CN111259116A

CN111259116A - Sensitive file detection method based on convolutional neural network

Info

Publication number: CN111259116A
Application number: CN202010048855.7A
Authority: CN
Inventors: 孔令武; 田峥; 黎曦; 关勇
Original assignee: Beijing Luoan Technology Co Ltd
Current assignee: Beijing Luoan Technology Co Ltd
Priority date: 2020-01-16
Filing date: 2020-01-16
Publication date: 2020-06-09

Abstract

The invention discloses a sensitive file detection method based on a convolutional neural network, which comprises the following steps: 1) training out word vector characteristics aiming at a data set; 2) combining the trained word vectors to obtain vector characteristics of the document; 3) and taking the vector as an input characteristic of deep learning based on the convolutional neural network, and taking the vector as a method operation parameter to participate in an iterative training process.

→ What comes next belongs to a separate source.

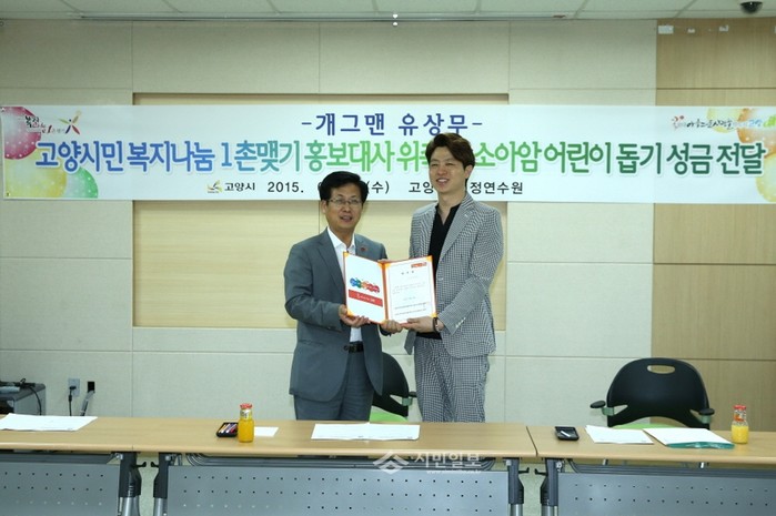 지난 24일 개그맨 유상무씨가 경기 고양시 시정연수원에서 국립암센터에 전달할 성금 3000만원을 기부했다. 이날 유씨는 '고양시민 복지나눔 1촌맺기' 홍보대사로 위촉됐다. 사진은 전달식에서 최성(왼쪽) 시장과 유씨가 함께 기념촬영한 모습. (사진제공=고양시청)

By the technical scheme, the sensitive information of the business files related to the business secrets of the enterprises, such as national secret files of national power development strategies, national significant power project planning and the like, and enterprise operation data and the like, is filtered, and the defects that the existing method based on the sensitive word bank detection is low in detection efficiency, and reduces the rate of missing reports and the rate of false reports are high are overcome.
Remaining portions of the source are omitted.